• Exercise:
Below are the records. Retype, exactly, the lines from the first through the line with "Specially designed for", and leave out the pictures.

══ The input

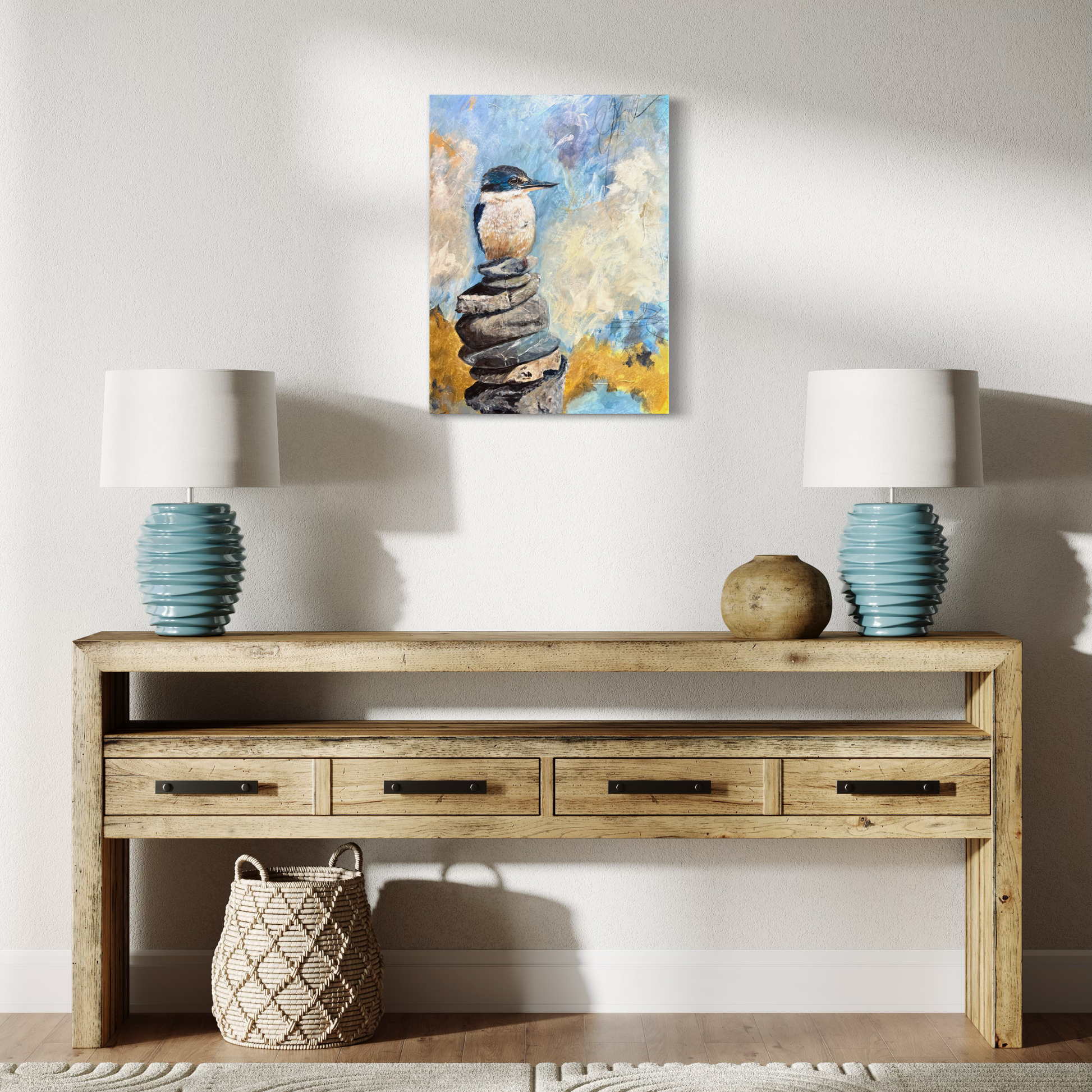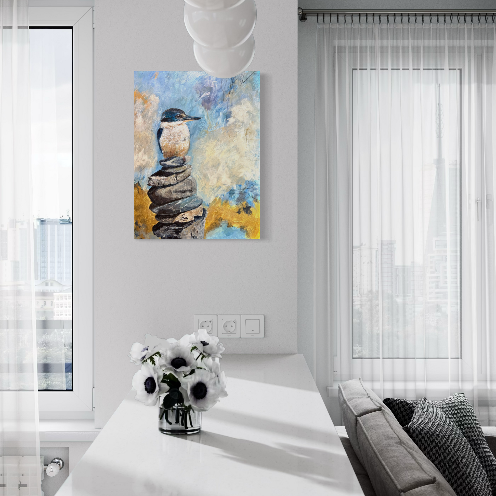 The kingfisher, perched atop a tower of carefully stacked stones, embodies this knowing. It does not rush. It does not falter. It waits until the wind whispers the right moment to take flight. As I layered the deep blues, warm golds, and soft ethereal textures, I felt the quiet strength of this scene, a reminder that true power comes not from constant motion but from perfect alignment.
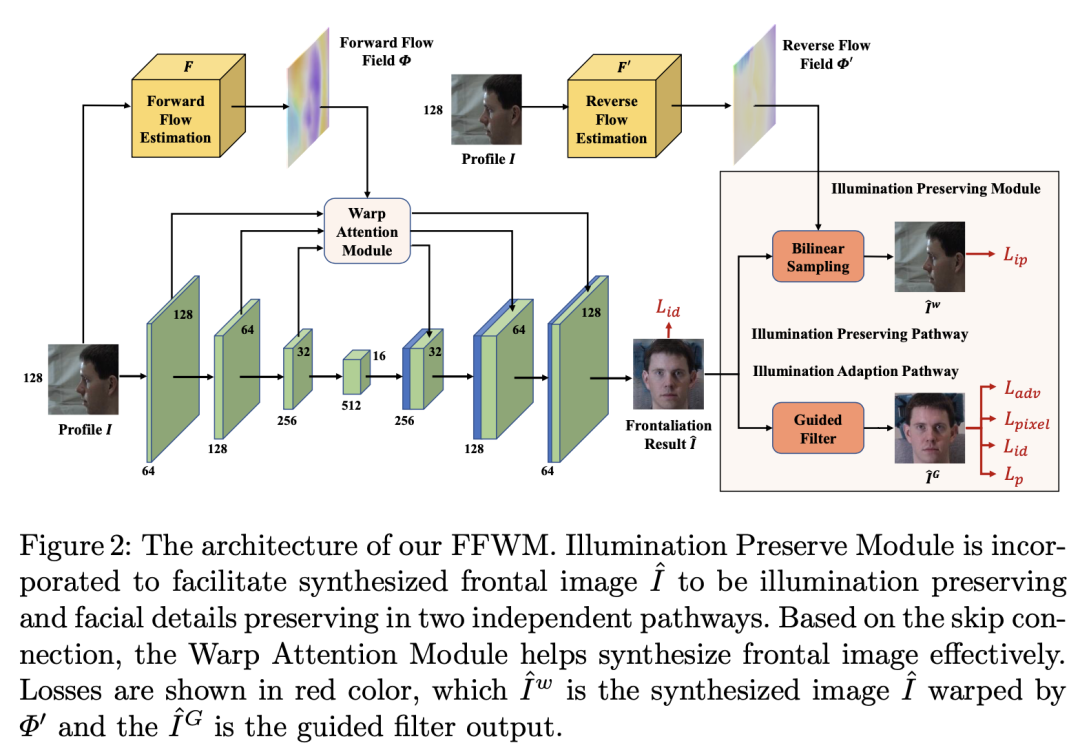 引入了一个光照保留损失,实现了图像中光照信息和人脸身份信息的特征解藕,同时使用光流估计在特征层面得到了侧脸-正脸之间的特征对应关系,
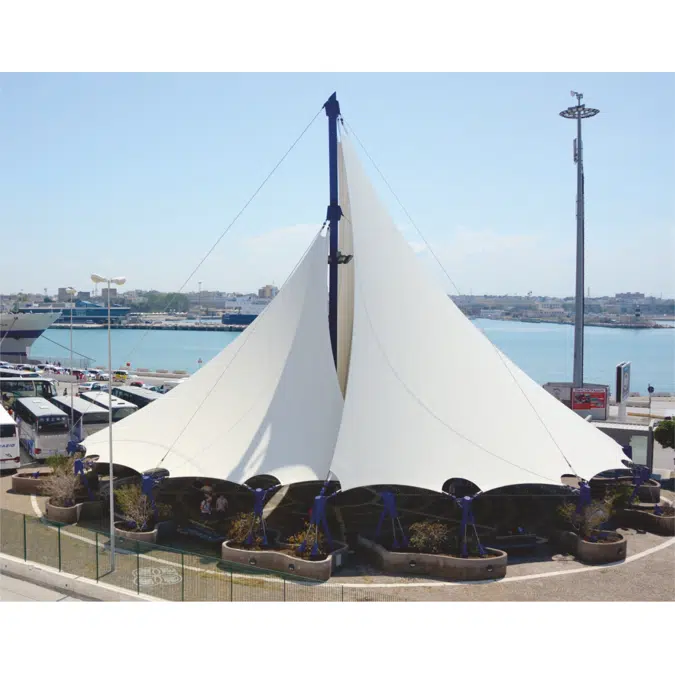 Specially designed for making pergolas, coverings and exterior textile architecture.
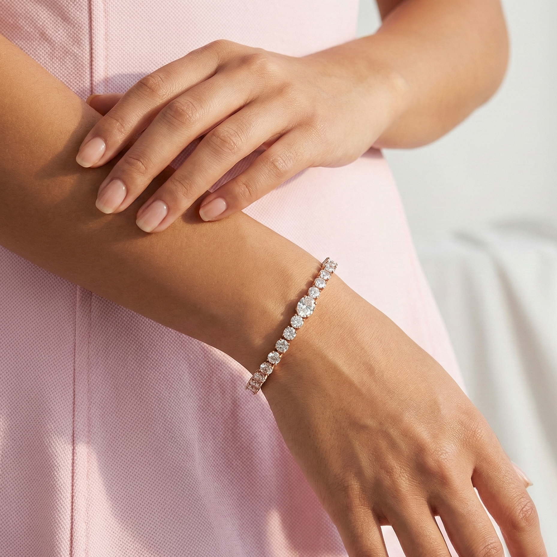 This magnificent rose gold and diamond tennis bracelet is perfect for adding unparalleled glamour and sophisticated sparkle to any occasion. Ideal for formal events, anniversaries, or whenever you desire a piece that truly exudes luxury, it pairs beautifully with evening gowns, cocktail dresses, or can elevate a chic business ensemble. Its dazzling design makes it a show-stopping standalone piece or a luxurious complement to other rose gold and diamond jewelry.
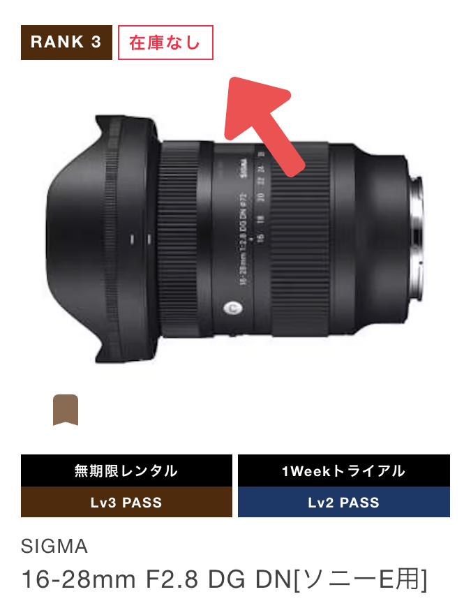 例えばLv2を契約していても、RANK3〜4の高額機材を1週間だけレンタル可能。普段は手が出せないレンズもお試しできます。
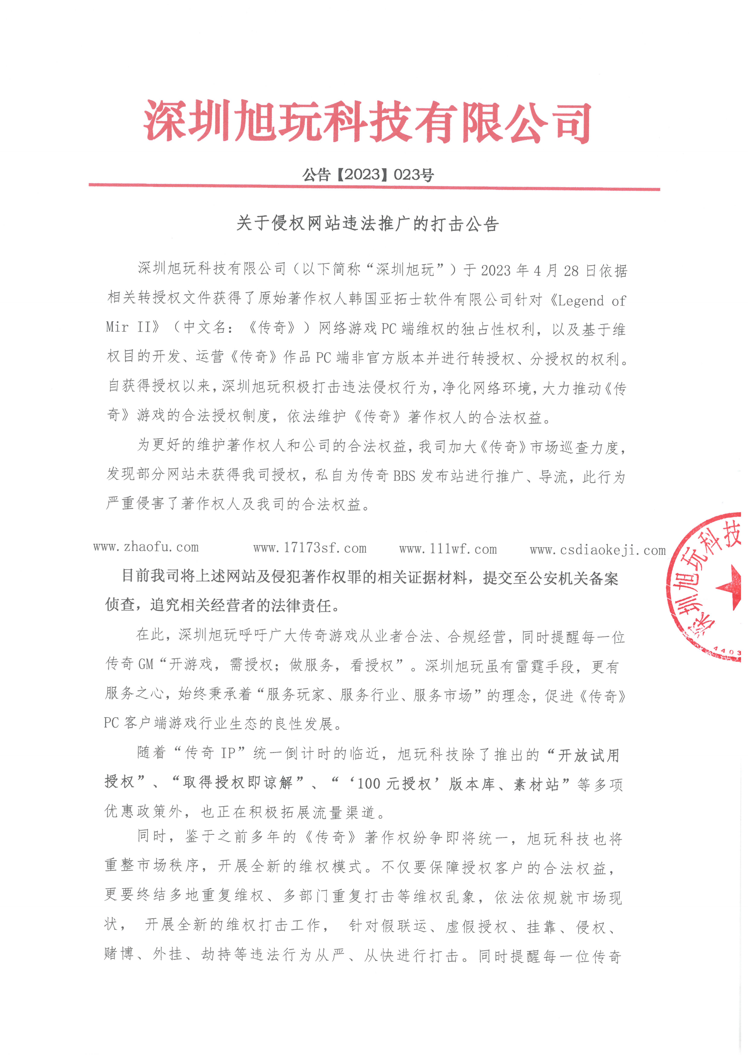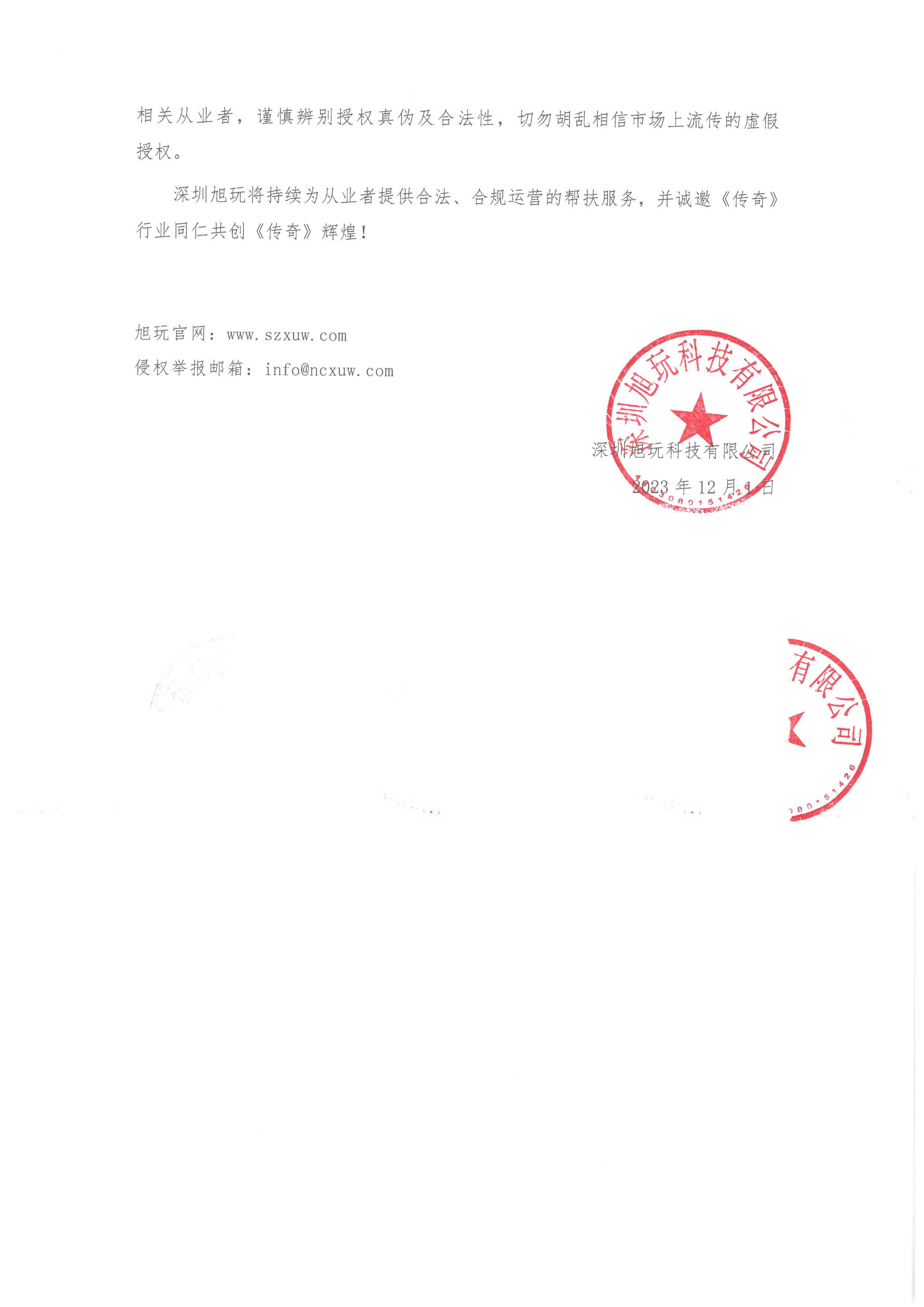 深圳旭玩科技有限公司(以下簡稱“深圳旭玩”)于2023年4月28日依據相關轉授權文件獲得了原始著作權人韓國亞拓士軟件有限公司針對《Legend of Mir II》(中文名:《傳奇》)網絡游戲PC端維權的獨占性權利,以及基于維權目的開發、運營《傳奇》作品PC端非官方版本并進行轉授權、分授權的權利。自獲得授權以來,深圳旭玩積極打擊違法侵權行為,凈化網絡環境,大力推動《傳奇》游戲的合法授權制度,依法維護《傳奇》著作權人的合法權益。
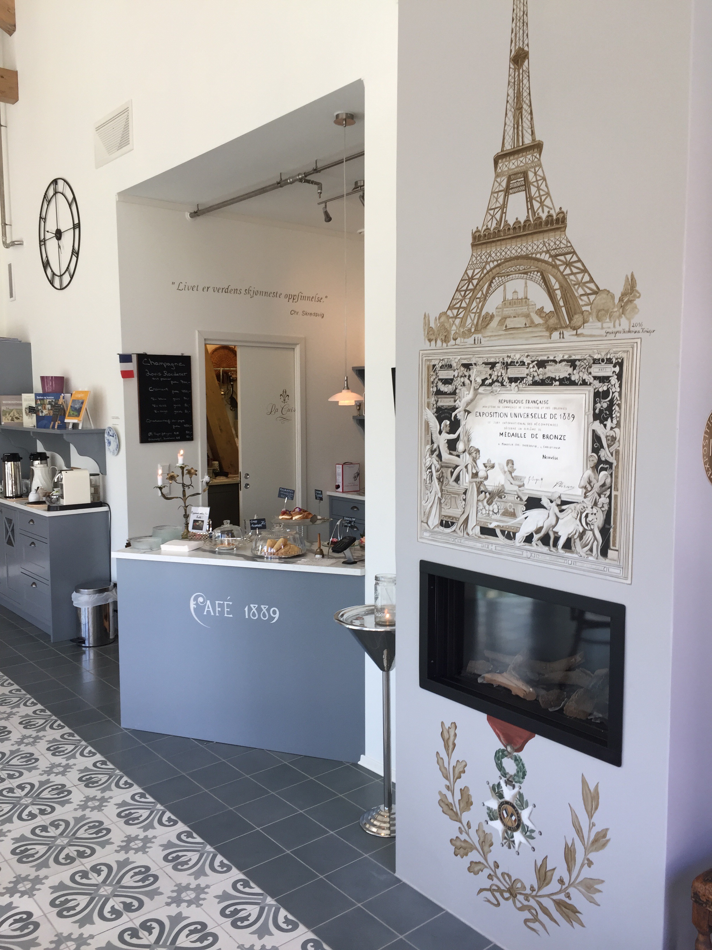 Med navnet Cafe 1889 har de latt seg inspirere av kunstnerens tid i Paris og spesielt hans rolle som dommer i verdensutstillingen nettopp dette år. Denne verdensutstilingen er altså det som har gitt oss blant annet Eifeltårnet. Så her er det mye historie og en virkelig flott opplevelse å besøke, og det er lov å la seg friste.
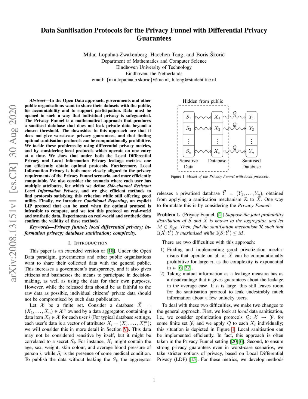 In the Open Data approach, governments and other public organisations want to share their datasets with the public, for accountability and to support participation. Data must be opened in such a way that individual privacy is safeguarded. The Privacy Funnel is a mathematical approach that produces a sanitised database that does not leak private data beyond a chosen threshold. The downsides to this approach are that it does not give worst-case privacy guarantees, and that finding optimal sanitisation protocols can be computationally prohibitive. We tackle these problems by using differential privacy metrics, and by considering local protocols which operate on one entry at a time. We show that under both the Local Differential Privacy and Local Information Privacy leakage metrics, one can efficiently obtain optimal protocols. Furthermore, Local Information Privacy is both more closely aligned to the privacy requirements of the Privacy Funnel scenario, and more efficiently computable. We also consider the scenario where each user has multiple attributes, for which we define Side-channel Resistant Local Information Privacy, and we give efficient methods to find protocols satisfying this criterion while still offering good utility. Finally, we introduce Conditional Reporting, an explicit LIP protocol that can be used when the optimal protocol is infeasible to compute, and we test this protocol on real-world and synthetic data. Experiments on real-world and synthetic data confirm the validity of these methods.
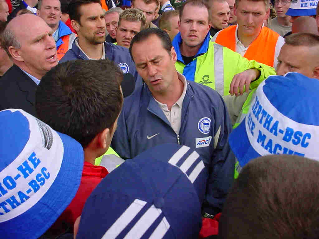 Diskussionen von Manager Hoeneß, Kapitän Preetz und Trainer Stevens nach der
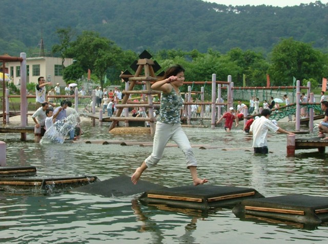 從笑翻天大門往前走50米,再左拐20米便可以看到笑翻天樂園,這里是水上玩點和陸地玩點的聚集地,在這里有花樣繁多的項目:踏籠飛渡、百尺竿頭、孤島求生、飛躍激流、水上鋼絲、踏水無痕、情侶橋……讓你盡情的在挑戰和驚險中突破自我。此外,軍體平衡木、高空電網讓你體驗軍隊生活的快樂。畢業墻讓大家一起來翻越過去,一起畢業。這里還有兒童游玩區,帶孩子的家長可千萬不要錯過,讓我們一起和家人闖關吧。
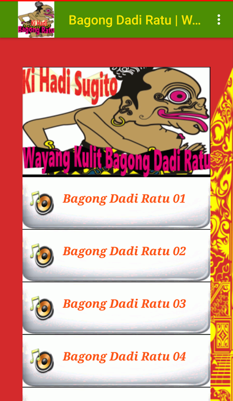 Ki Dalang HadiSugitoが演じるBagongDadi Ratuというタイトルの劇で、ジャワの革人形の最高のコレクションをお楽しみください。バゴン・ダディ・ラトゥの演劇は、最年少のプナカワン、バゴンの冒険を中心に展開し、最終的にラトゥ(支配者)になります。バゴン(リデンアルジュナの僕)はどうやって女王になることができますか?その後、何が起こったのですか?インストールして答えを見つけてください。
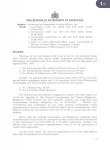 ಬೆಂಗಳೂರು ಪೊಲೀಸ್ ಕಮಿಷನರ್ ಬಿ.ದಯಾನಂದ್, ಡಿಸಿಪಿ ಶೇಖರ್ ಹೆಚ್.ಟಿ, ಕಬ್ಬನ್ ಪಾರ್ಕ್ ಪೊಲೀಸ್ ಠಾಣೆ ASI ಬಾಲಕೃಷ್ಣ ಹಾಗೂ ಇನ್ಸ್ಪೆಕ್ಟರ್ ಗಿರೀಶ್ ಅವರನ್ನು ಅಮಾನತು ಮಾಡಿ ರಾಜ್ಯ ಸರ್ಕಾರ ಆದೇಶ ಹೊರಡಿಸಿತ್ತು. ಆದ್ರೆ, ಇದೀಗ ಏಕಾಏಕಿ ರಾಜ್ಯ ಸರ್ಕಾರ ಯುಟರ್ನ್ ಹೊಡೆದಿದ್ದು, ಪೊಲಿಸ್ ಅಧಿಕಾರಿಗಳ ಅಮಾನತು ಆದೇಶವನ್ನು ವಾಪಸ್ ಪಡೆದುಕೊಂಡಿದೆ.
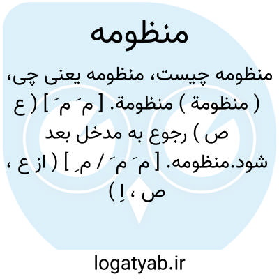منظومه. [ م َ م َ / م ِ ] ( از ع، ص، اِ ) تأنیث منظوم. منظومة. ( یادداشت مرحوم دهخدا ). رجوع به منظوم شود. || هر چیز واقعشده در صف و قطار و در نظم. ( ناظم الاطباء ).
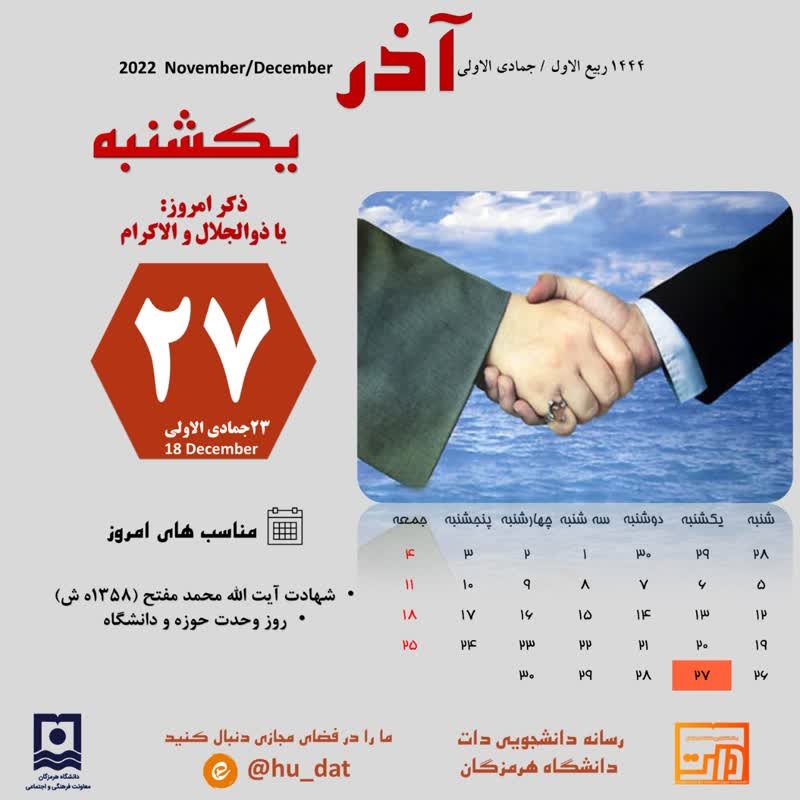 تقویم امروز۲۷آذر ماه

════

• Reply:
 The kingfisher, perched atop a tower of carefully stacked stones, embodies this knowing. It does not rush. It does not falter. It waits until the wind whispers the right moment to take flight. As I layered the deep blues, warm golds, and soft ethereal textures, I felt the quiet strength of this scene, a reminder that true power comes not from constant motion but from perfect alignment.
 引入了一个光照保留损失,实现了图像中光照信息和人脸身份信息的特征解藕,同时使用光流估计在特征层面得到了侧脸-正脸之间的特征对应关系,
 Specially designed for making pergolas, coverings and exterior textile architecture.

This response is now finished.